Lumo Imaging

LumoScannner for Researchers

LumoScanner for Researchers

Many researchers around the world are feverishly working on the next generation of AI systems that can be used for better diagnosis of skin diseases/conditions, including skin cancers.
Until now, these researchers were not able to experiment with or deploy their technologies in a realistic setting. They had to either rely on a dermatologist to capture dermoscopic images (which in itself preclude any conclusion regarding the efficacy of the algorithms in the wild) or use a Total Body Scanner and make do with its suboptimal clinical image resolution for their AI analysis systems.
The lack of prior dermoscopic resolution images posed challenges in the development of temporal analysis approaches that required exact size or other feature values from the past state of the lesions. We have therefore developed a special version of LumoScanner for researchers that we call LumoScanner for Researchers.

The LumoScanner Injury Documentation System is an advanced, non-contact imaging solution designed for precise wound assessment, monitoring, and documentation.

Since the LumoScanner for Researchers can be used with an IRB, every version of every Lumo developed software, regardless of its FDA registration/clearance, can be made available to the researchers. The researcher version also allows the researchers to work with sensitive medical imaging data locally without the complexities of implementing an IT-intensive cloud implementation. 

LumoScanner for Researchers systems provides the following functionalities:

LumoScanner image collection system

As with the upcoming LumoScanner for the Clinicians, the Researchers version is a recumbent system with six 61MP cameras, a gantry, depth cameras, and a lighting system. However, the specific scanner hardware for the researchers provides the researcher with added capabilities pre-purchase special requests and ease of post purchase modifications.

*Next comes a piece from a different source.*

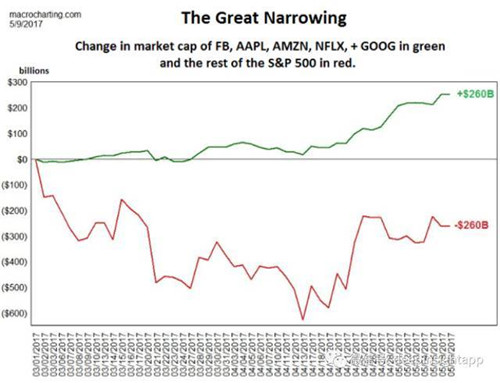 在美國(guó)同樣的事情也在發(fā)生:蘋(píng)果,微軟,亞馬遜,F(xiàn)acebook和谷歌這五只股票的漲幅占到今年標(biāo)普500的13%,以及納斯達(dá)克100的42%。下面這張圖非常有趣:從今年3月1日到5月9日,美國(guó)科技股的這五大天王市值增長(zhǎng)了2600億美元,而其他標(biāo)普500的公司市值縮小了2600億美元。

For example, the research system comes with White illumination sub-system however, the researchers will be able to order it with a lighting subsystem that is capable of White, Woods Lamp, and 405nm illuminations. The Researcher system can scan each subject twice (front and back) or four times (anterior, posterior, and side views).
The LumoScanner for Researcher is also capable of supporting a large set of resolutions. Regardless of which resolution setting is selected for the study, the LumoScanner automatically computes the gantry position, camera pan angle, and focus distance for each image so that the entirety of images in aggregate provides the optimum resolution for the specific body shape of the subject.
Please see the table below for some of the possible resolution settings:

LumoCrunch image processing software

LumoCrunch cloud software uses the images from the scanner as input, processes them and outputs a DICOM file for future analysis and/or visualization. LumoCrunch.

Incidentally, Lumo Imaging has developed and published a proposal for TBP DICOM and is currently serving as a voting member of the working group that is tasked with the development of the TBP DICOM standard. Please note the crops from 2D images are orthorectified before storage in DICOM files. Orthorectification is unique to Lumo while the rest of the processing steps performed as part of the LumoCrunch pipeline are quite standard, can be readily found in literature and have been used by other vendors of TBP Systems (e.g., Fotofinder and Vectra 360).

Orthorectification is a well-known and standard step for processing satellite imaging information (akin to our senses seeing an oval-shaped tabletop and our brain interpreting the information as a circular tabletop). The resulting processed data will be stored as a DICOM, most probably in the provider’s cloud space.

LumoDoc scan visualization software

LumoDoc is full-featured cloud-based (Zero footprint) TBP DICOM viewer that can fetch DICOM files from the DICOM store using Google Health API. As mentioned before, the current unpublished TBP DICOM format contains 2D images, 3D rendering as well as crops of lesions from the 2D images.

LumoDoc can visualize all three kinds of information, allow the clinician to examine the scan from anywhere and allow the clinician to annotate the scans.

Additionally, LumoDoc can side-by-side visualize the information from two TBP DICOM files (presumably from two different points of time but from the same individual). For example the clinician can side-by-side compare two 3D renderings, two 2D images or 2 lesion crops in order to view the subtle changes in the lesions over time.